= Jean Lanfray =

French murderer (d. 1906)

Jean Lanfray (c. 1873– 26 February 1906) was a French labourer in Switzerland who was convicted of murdering his pregnant wife and two children in a drunken rage on the afternoon of 28 August 1905 in Commugny, Switzerland. It was later revealed by police that he had drunk an excessive amount of wine and hard liquors that morning, along with two ounces of absinthe. However, due to the moral panic against absinthe in Europe at that time, his murders were blamed solely on the influence of absinthe, leading to a petition to ban absinthe in Switzerland shortly after the murders. The petition received 82,000 signatures and absinthe was banned in Vaud shortly thereafter. A 1908 constitutional referendum led to absinthe being banned in all of Switzerland in 1910, and absinthe was banned in most European countries (and the United States) before the outbreak of World War I.

== Murders ==
During lunch on 28 August 1905, Lanfray consumed seven glasses of wine, six glasses of cognac, one coffee laced with brandy, two crème de menthes, and two glasses of absinthe after eating a sandwich. He returned home drunk with his father, and drank another coffee with brandy. He then got into an argument with his wife, and asked her to polish his shoes for him. When she refused, Lanfray retrieved a Vetterli rifle and shot her once in the head, killing her instantly, causing his father to flee. His four-year-old daughter, Rose, heard the noise and ran into the room, where Lanfray shot and killed her and his two-year-old daughter, Blanche. He then shot himself in the jaw and carried Blanche's body to the garden, where he collapsed.

Lanfray was discovered minutes later by police after they had been notified by his father. He eventually recovered in hospital and was put on trial for murder.

== Trial and death ==
The trial started on 23 February 1906 and ended that same day. It was argued by his attorneys that the two ounces of absinthe he consumed prior to the murders were solely to blame for his actions; Dr. Albert Mahaim, a leading Swiss psychologist, testified that Lanfray suffered from "a classic case of absinthe madness". However, the prosecutor, Alfred Obrist, argued that the two ounces of absinthe he had ingested were minor in relation to the large amounts of other alcoholic beverages he had consumed that day.

Lanfray was eventually found guilty on all three counts of murder and received thirty years' imprisonment.

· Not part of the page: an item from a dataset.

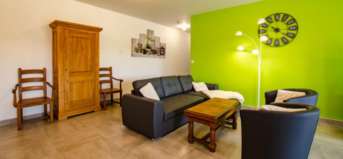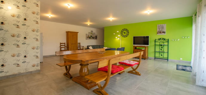 The gite features a large living room opening onto the outside and comprising a fully-equipped kitchenette, a dining area, a lounge with TV and DVD player, a sofa bed, a separate toilet with washbasin, a bathroom with shower and a toilet.separate toilet with washbasin, 2 double bedrooms (160×200 beds), a twin bedroom (2 90×200 beds) and a shower room with extra-flat shower tray, washbasin and toilet. Outside, you’ll enjoy a 100 m² terrace overlooking the countryside, with garden furniture, deckchairs, parasol, barbecue, grassy areas planted with trees and a children’s swing, volleyball/badminton/football court and petanque area.

Three days after the trial, on 26 February 1906, Lanfray committed suicide by hanging in his prison cell.

== Public reaction ==
The Lanfray case received an astonishing amount of coverage, especially by Europe's temperance movement. It set off a moral panic against absinthe in Switzerland and other countries. A petition to ban absinthe in Switzerland received 82,000 signatures, and on 15 May 1906 the Vaud legislature voted to ban absinthe. Following pressure from cafe owners and absinthe manufacturers, a referendum to reverse this decision was launched, but failed 23,062 to 16,025. On 2 February 1907, the Grand Conseil voted to ban the retail sale of absinthe, including its imitations. Finally, on 5 July 1908, Article 32 to the Swiss Constitution was proposed, which would prohibit manufacturing or possession on absinthe in Switzerland. The article was added following a referendum, in which it won by 241,078 to 139,699 votes, and would be effective 7 October 1910. Eventually, similar incidents led to bans on absinthe in every European country (except the United Kingdom, Sweden and Spain) as well as the United States.